In the “Kth Non-repeating Character” we have given a string “s”. Write a program to find out the kth non-repeating_character. If there are less than k character which is non-repeating in the string then print “-1”.

Input Format

The first and only one line containing a string “s”.

Output Format

The first and only one line containing a_character that represents the kth non-repeating_character. If there are less than k character which is non-repeating in the string then print “-1”.

Example

tutorialcup
3
i

Explanation: Here freq[t] is 2, freq[u] is 2, and the rest of the other char having freq 1. So the Kth non-repeating_character is “o”.

Algorithm

1. Create a count array to store the count of characters in the array.

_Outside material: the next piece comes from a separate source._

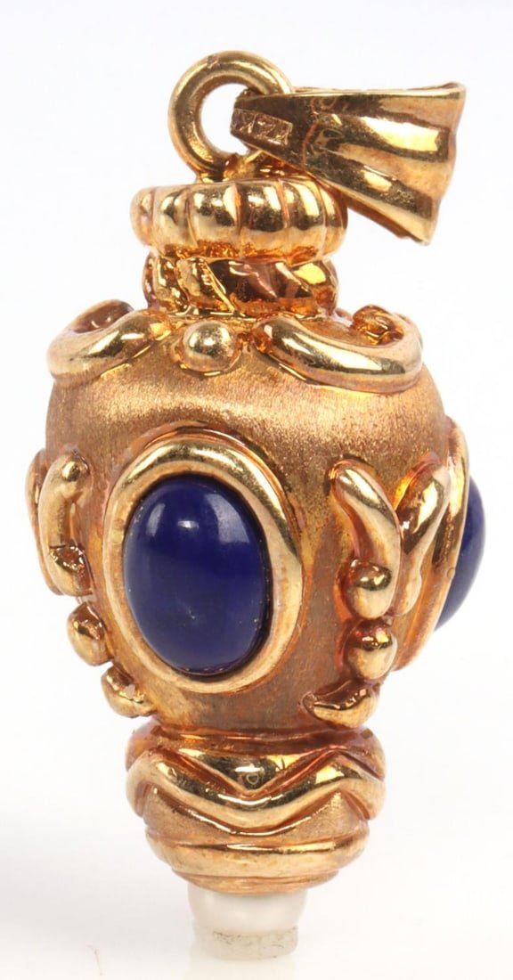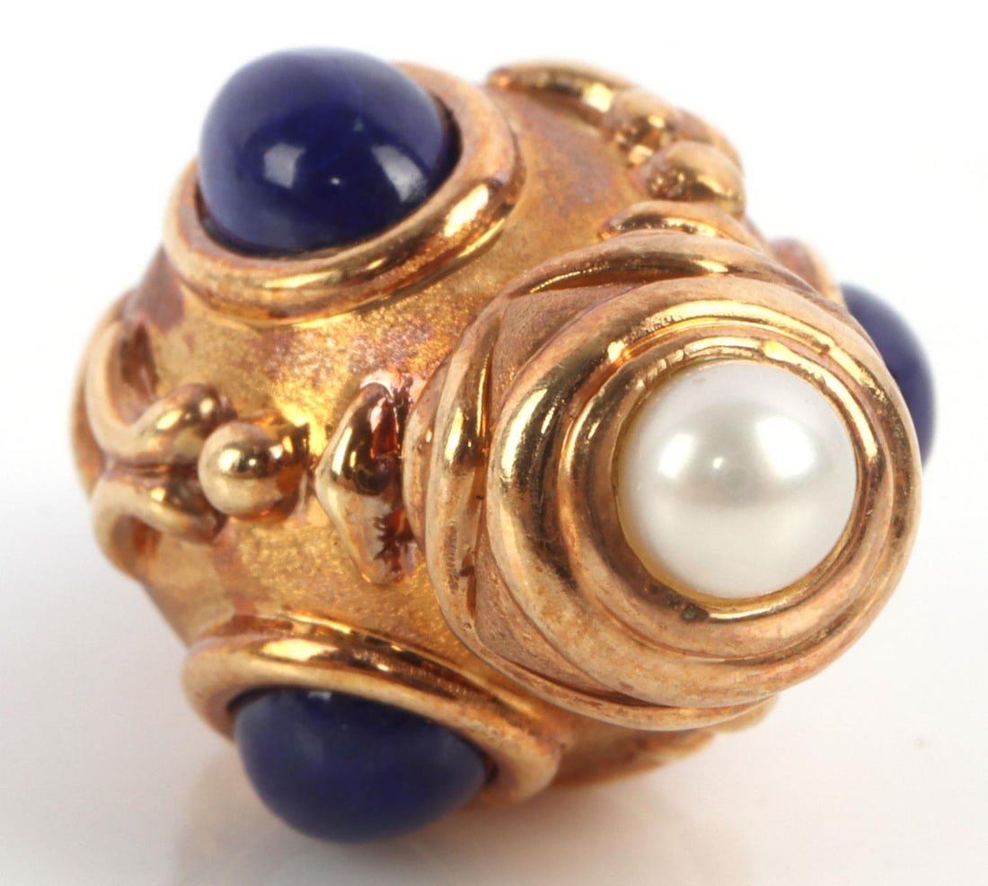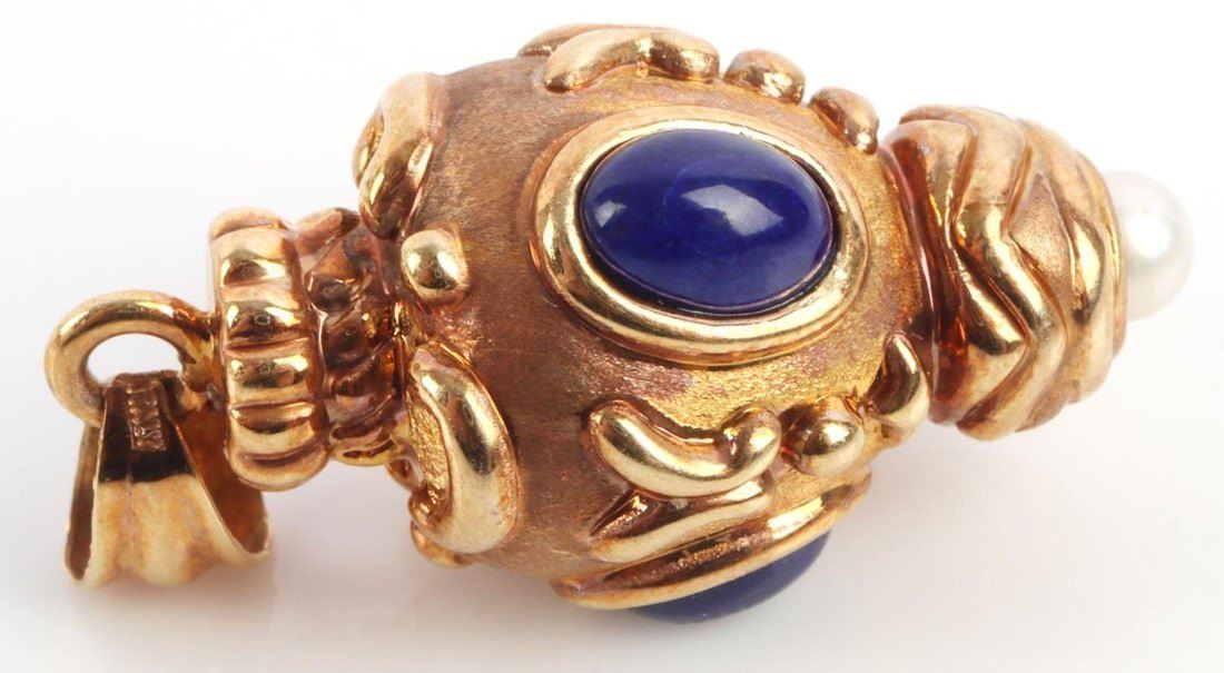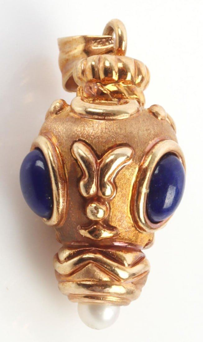 Vintage 1990's Italian Baroque style 14kt gold pendant with Lapis Lazuli and pearl cabochon. Total weight of 2.9 grams. Length of 1 3/8 inches. This lot has a reserve.

2. Create an index array to store the index of non-repeating characters.

3. If a character ‘x’ is repeating or not present in string store n in the index array.

4. Initialize count array with zeroes and index array with n. (n is the length of the string)

5. Traverse the input string x= str[i]

6. Increment count[x]

7. If count[x] = 1, then store index of x in index[x]. index[x] = i

8. If count[x] = 2, then remove x from index[]. Index[x] = n.

9. Sort the index array.

10. Index[k] is the kth non-repeating character.

Implementation

C++ Program to find the Kth Non-repeating Character

#include <bits/stdc++.h>
using namespace std;

int main()
{
   string s;
   cin>>s;
   int k;
   cin>>k;
   int n=s.length();
   int count[256];
   int index[256];
   memset(count,0,sizeof(count));
   for(int i=0;i<256;i++)
   {
       index[i]=n;
   }
   for(int i=0;i<n;i++)
   {
        count[s[i]]++;
        if(count[s[i]]==1)
        {
            index[s[i]]=i;
        }
        if(count[s[i]]==2)
        {
            index[s[i]]=n;
        }
   }
   sort(index, index+256);
    if(index[k-1]!=n)
    {
        cout<<s[index[k-1]]<<endl;  
    }
    else
    {
        cout<<-1<<endl;
    }
   return 0;
}

Java Program to find the Kth Non-repeating Character

import java.util.Arrays;
import java.util.Scanner;

class sum
{ 
  public static void main(String[] args) 
  { 
    Scanner sr = new Scanner(System.in); 
                String s = sr.next();
                int k=sr.nextInt();
                int n=s.length();
                int freq[] = new int [256];
                int index[] = new int [256];
                for(int i=0;i<256;i++)
                {
                    freq[i]=0;
                    index[i]=n;
                }
                for(int i=0;i<n;i++) 
                {
                    freq[s.charAt(i)]++; 
                    if(freq[s.charAt(i)]==1) 
                    { 
                        index[s.charAt(i)]=i; 
                    } 
                    if(freq[s.charAt(i)]==2) 
                    {
                        index[s.charAt(i)]=n;
                    }
                }
                Arrays.sort(index);
                if(index[k-1]!=n) 
                {
                    System.out.println(s.toCharArray()[index[k-1]]); 
                }
                else
                {
                    System.out.println(-1); 
                }
  } 
} 
tutorialcup
3
i

Complexity Analysis to find the Kth Non-repeating Character

Time Complexity

O(n) where n is the size of the given array. Here we simply traverse the given string “s” and count the frequency of each character. After that perform some operation as required in constant time.

Space Complexity

O(1) because here we only use the constant space of 256 sizes. Here we store the frequency and index of each character.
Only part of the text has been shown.